[DATA SHOWN]

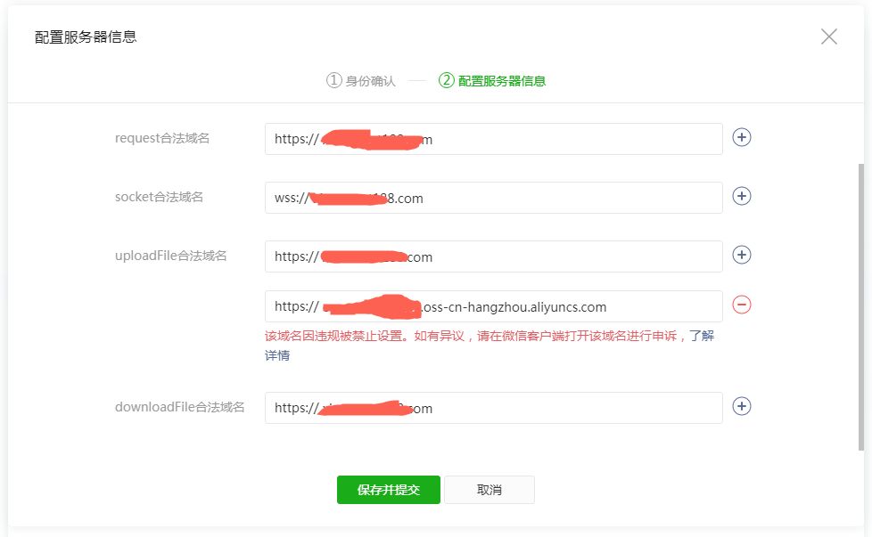 【问题】 小程序开发设置中服务器域名添加阿里云oss域名不通过
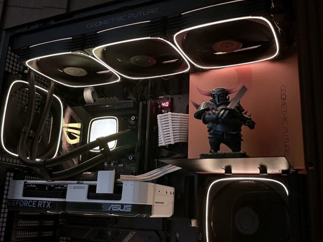 裝機搭配幾何未來自家Model 5 悟空機殼,龍鱗風扇燈效僅框體周圍一圈,個人覺得屬於
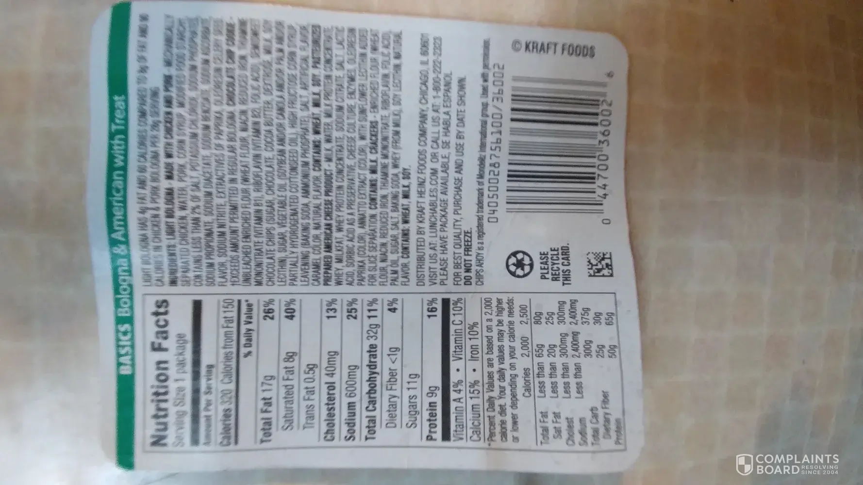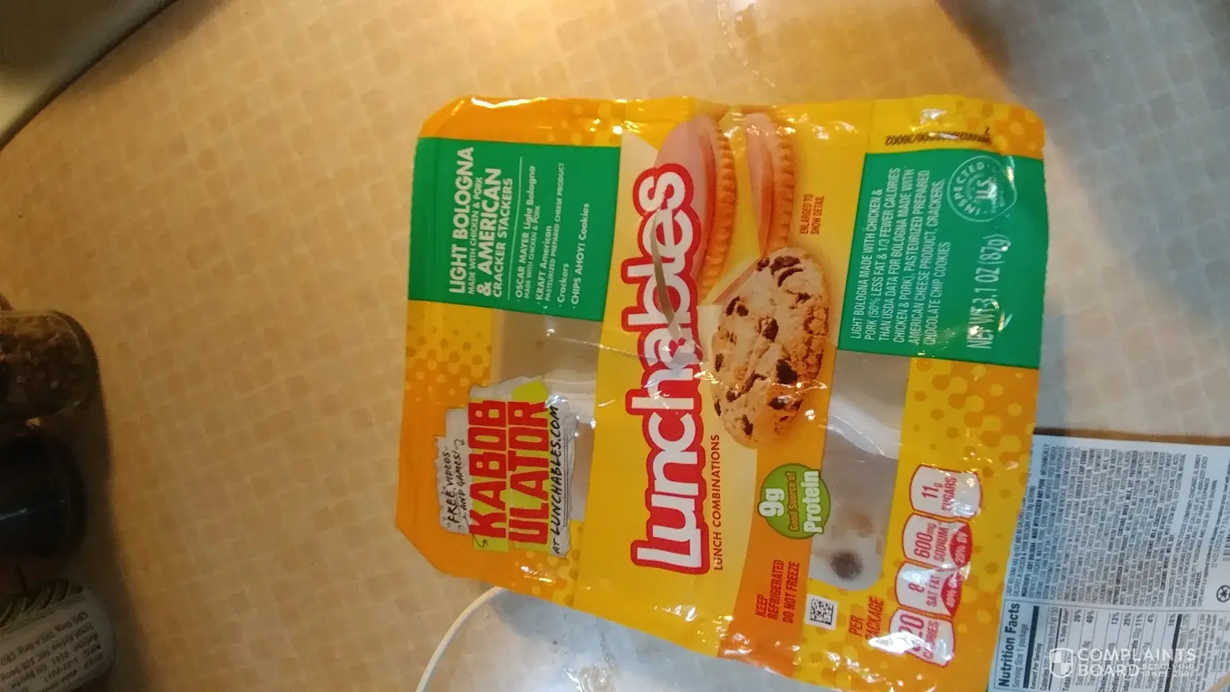 I bought a Lunchable actually about five Lunchables and in one of them there was this black soft look like maybe a reason it was in the the meat compartment I'm sure it wasn't supposed to be there so I can give you the barcode [protected].. somewhere your quality control messed up I could take pictures of it would like I can send them I don't see where I can attach them to this email.
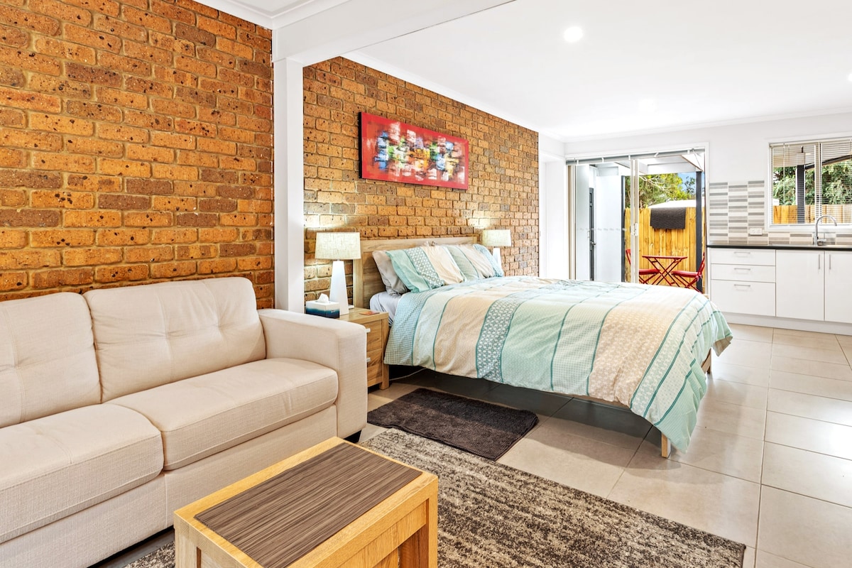 Noen ganger er alt du trenger en base å utforske fra og et trygt sted for hunden å sove. Gå inn i «Studio Kelp», det perfekte stedet å hvile etter en lang dag på vingårdene, stranden eller surfing! Studio Kelp passer perfekt for enslige eller par. Et flott utgangspunkt for det beste av Bellarine. Gå til hundestranden eller langs Point Lonsdale-stranden til kaféer og butikker, eller ri på en bølge på Lonnie Back Beach. Helt privat, selvstendig og kjæledyrvennlig. Lading av elbil er tilgjengelig.
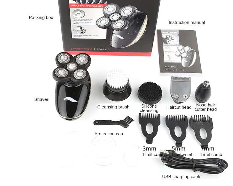 Мужская многофункциональная электробритва usb зарядка моющаяся стрижка носа Очищающая пятиглавый нож для бороды
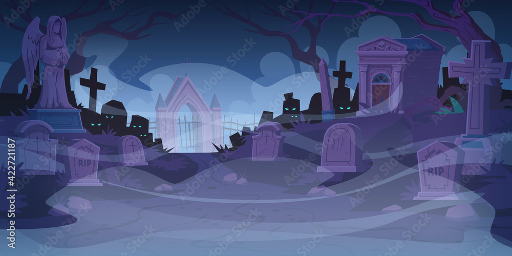 Samolepka Night cemetery, graveyard with tombstones in fog
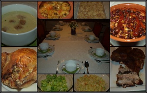 Danes goveja juha z rezanci, stefani pečenka, zame piščančja kračka, pražen krompir, zeljna solata z radičem in zeleno solato, pravljična torta
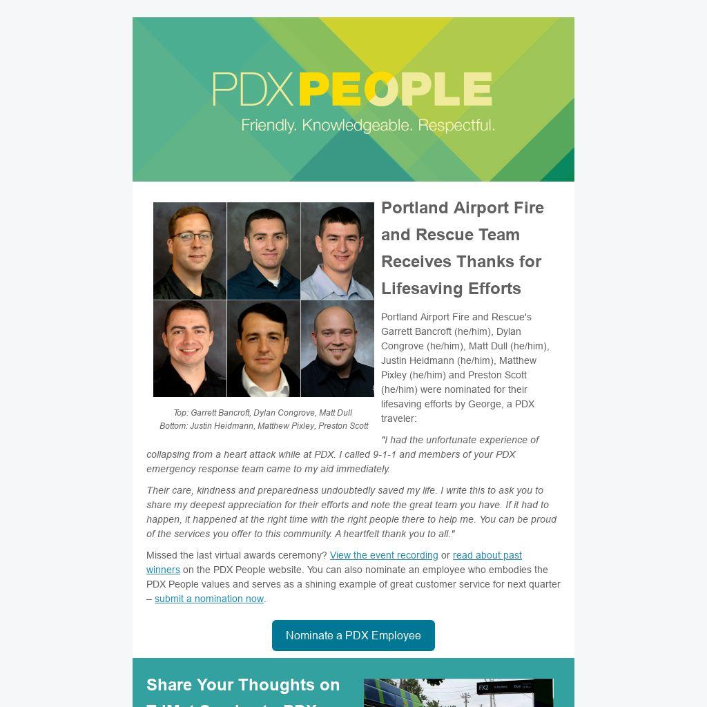 Portland Airport Fire and Rescue's Garrett Bancroft (he/him), Dylan Congrove (he/him), Matt Dull (he/him), Justin Heidmann (he/him), Matthew Pixley (he/him) and Preston Scott (he/him) were nominated for their lifesaving efforts by George, a PDX traveler:
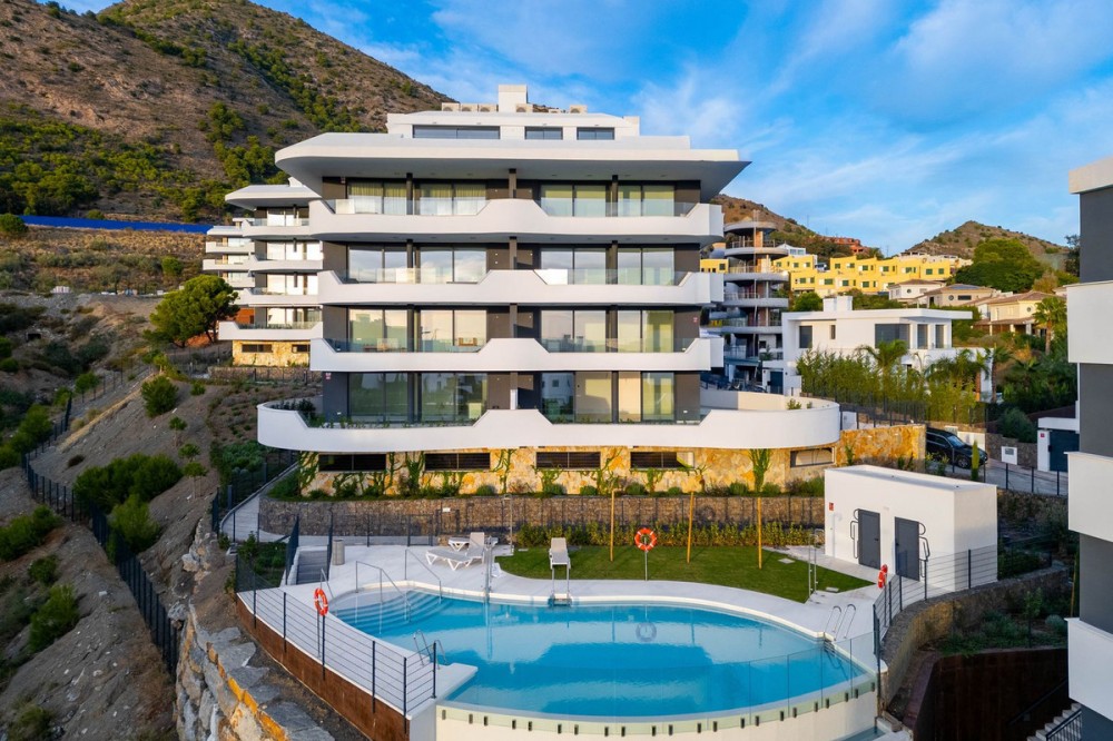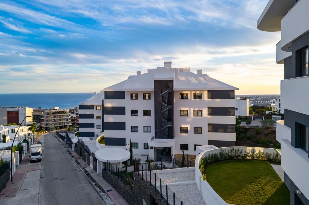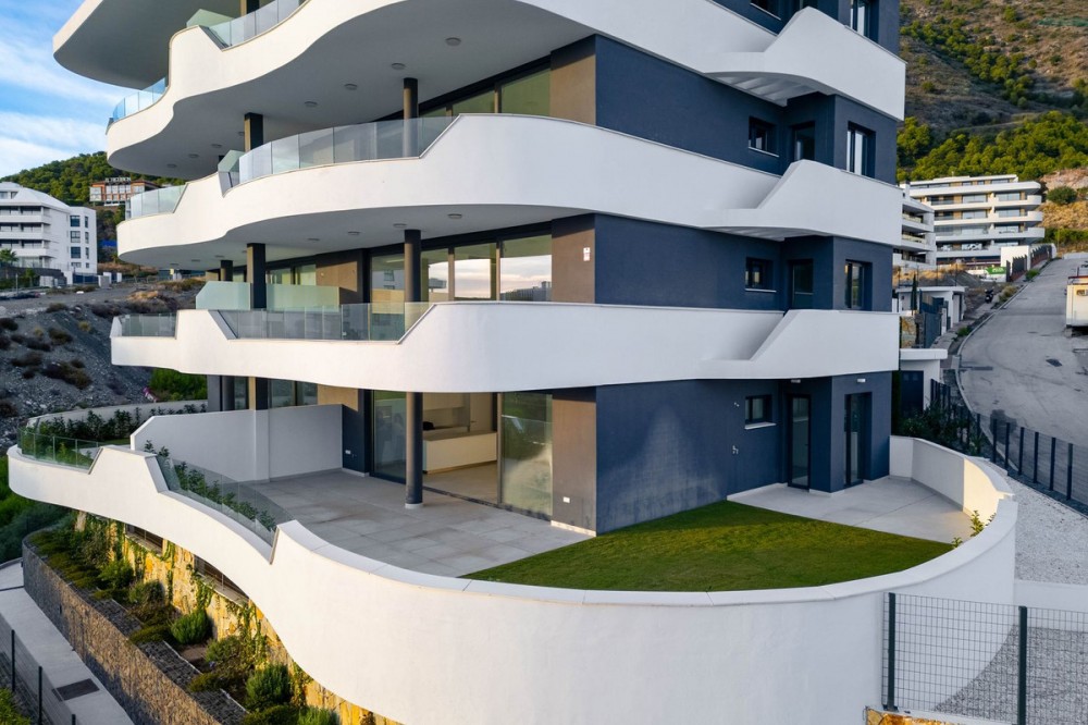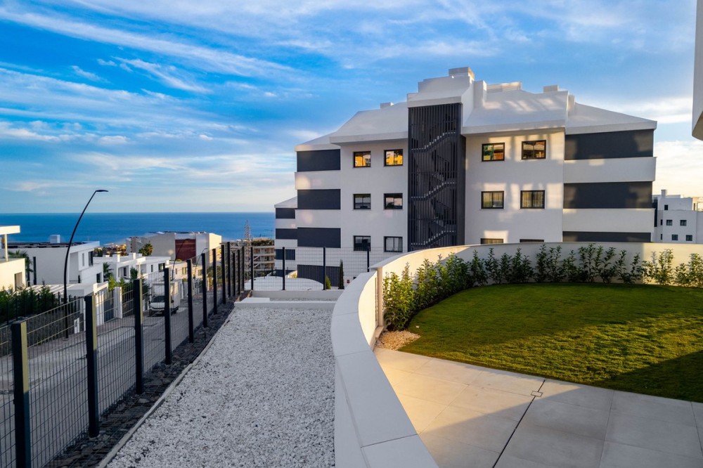 - Welcome to a beautifully positioned southwest-facing garden apartment in the heart of Higuerón — a home that offers both privacy and extraordinary views. Located on the eastern corner of the building, this residence is one of only two ground-floor apartments, creating a unique sense of exclusivity and tranquility. The apartment features 2 bedrooms and 2 bathrooms, thoughtfully designed with comfort, natural light, and modern living in mind. The interior feels spacious and serene, with large sliding doors that connect the living areas seamlessly to the outdoors. The property is brand new and has never been lived in, offering a fresh canvas for its future owners. A generous 53 m² covered terrace extends the living space beautifully, ideal for relaxing, dining, or enjoying the warm afternoon sun thanks to its southwest orientation. Beyond the terrace, a 69 m² private garden creates a peaceful green retreat with open sea views and an unobstructed outlook across the valley and the communal pool. Whether for quiet mornings, long outdoor lunches, or sunset evenings, this exterior space truly enhances the lifestyle of the home. The Higuerón community is known for its carefully designed environment that promotes both relaxation and active living, with landscaped walkways, gardens, and excellent facilities nearby. From this apartment, you are especially close to the Higuerón Hotel, offering convenient access to restaurants, wellness facilities, sports amenities, and spa services. The apartment is equipped with: • Full hot and cold air conditioning • Advanced domotic home-automation system • Two private parking spaces (one underground and one outdoor) • One private storage room With easy access to Málaga Airport, beaches, the train station, and all services within the Higuerón area, this home is ideal as a permanent residence or as a secure lock-up-and-leave holiday property. A brand-new home, exceptional outdoor space, and a stunning southwest orientation — this is a rare opportunity to own a private, bright, and perfectly located property on the Costa del Sol.
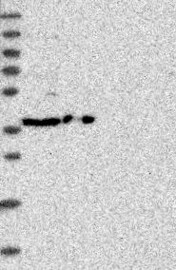 A Western blot analysis is performed on a panel of human tissues and cell lines to evaluate antibody specificity. For antibodies with unreliable result a revalidation using an over-expression lysate is performed.
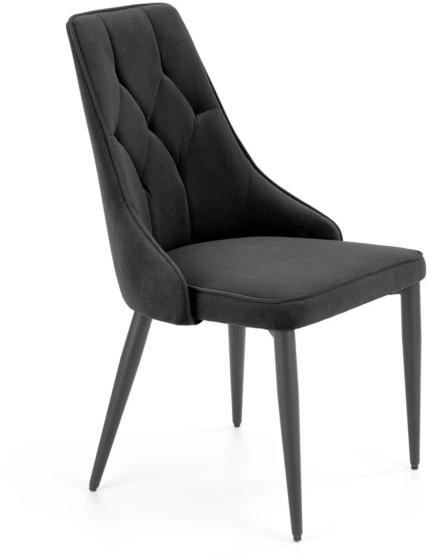 Krzesło tapicerowane K365 z pikowanym oparciem tkanina aksamitna do jadalni salonu czarny

[/DATA SHOWN]

TASK PROMPT:
Restate, word for word, all of the material above, leaving out the images.

ANSWER SECTION:
 【问题】 小程序开发设置中服务器域名添加阿里云oss域名不通过
 裝機搭配幾何未來自家Model 5 悟空機殼,龍鱗風扇燈效僅框體周圍一圈,個人覺得屬於
 I bought a Lunchable actually about five Lunchables and in one of them there was this black soft look like maybe a reason it was in the the meat compartment I'm sure it wasn't supposed to be there so I can give you the barcode [protected].. somewhere your quality control messed up I could take pictures of it would like I can send them I don't see where I can attach them to this email.
 Noen ganger er alt du trenger en base å utforske fra og et trygt sted for hunden å sove. Gå inn i «Studio Kelp», det perfekte stedet å hvile etter en lang dag på vingårdene, stranden eller surfing! Studio Kelp passer perfekt for enslige eller par. Et flott utgangspunkt for det beste av Bellarine. Gå til hundestranden eller langs Point Lonsdale-stranden til kaféer og butikker, eller ri på en bølge på Lonnie Back Beach. Helt privat, selvstendig og kjæledyrvennlig. Lading av elbil er tilgjengelig.
 Мужская многофункциональная электробритва usb зарядка моющаяся стрижка носа Очищающая пятиглавый нож для бороды
 Samolepka Night cemetery, graveyard with tombstones in fog
 Danes goveja juha z rezanci, stefani pečenka, zame piščančja kračka, pražen krompir, zeljna solata z radičem in zeleno solato, pravljična torta
 Portland Airport Fire and Rescue's Garrett Bancroft (he/him), Dylan Congrove (he/him), Matt Dull (he/him), Justin Heidmann (he/him), Matthew Pixley (he/him) and Preston Scott (he/him) were nominated for their lifesaving efforts by George, a PDX traveler:
 - Welcome to a beautifully positioned southwest-facing garden apartment in the heart of Higuerón — a home that offers both privacy and extraordinary views. Located on the eastern corner of the building, this residence is one of only two ground-floor apartments, creating a unique sense of exclusivity and tranquility. The apartment features 2 bedrooms and 2 bathrooms, thoughtfully designed with comfort, natural light, and modern living in mind. The interior feels spacious and serene, with large sliding doors that connect the living areas seamlessly to the outdoors. The property is brand new and has never been lived in, offering a fresh canvas for its future owners. A generous 53 m² covered terrace extends the living space beautifully, ideal for relaxing, dining, or enjoying the warm afternoon sun thanks to its southwest orientation. Beyond the terrace, a 69 m² private garden creates a peaceful green retreat with open sea views and an unobstructed outlook across the valley and the communal pool. Whether for quiet mornings, long outdoor lunches, or sunset evenings, this exterior space truly enhances the lifestyle of the home. The Higuerón community is known for its carefully designed environment that promotes both relaxation and active living, with landscaped walkways, gardens, and excellent facilities nearby. From this apartment, you are especially close to the Higuerón Hotel, offering convenient access to restaurants, wellness facilities, sports amenities, and spa services. The apartment is equipped with: • Full hot and cold air conditioning • Advanced domotic home-automation system • Two private parking spaces (one underground and one outdoor) • One private storage room With easy access to Málaga Airport, beaches, the train station, and all services within the Higuerón area, this home is ideal as a permanent residence or as a secure lock-up-and-leave holiday property. A brand-new home, exceptional outdoor space, and a stunning southwest orientation — this is a rare opportunity to own a private, bright, and perfectly located property on the Costa del Sol.
 A Western blot analysis is performed on a panel of human tissues and cell lines to evaluate antibody specificity. For antibodies with unreliable result a revalidation using an over-expression lysate is performed.
 Krzesło tapicerowane K365 z pikowanym oparciem tkanina aksamitna do jadalni salonu czarny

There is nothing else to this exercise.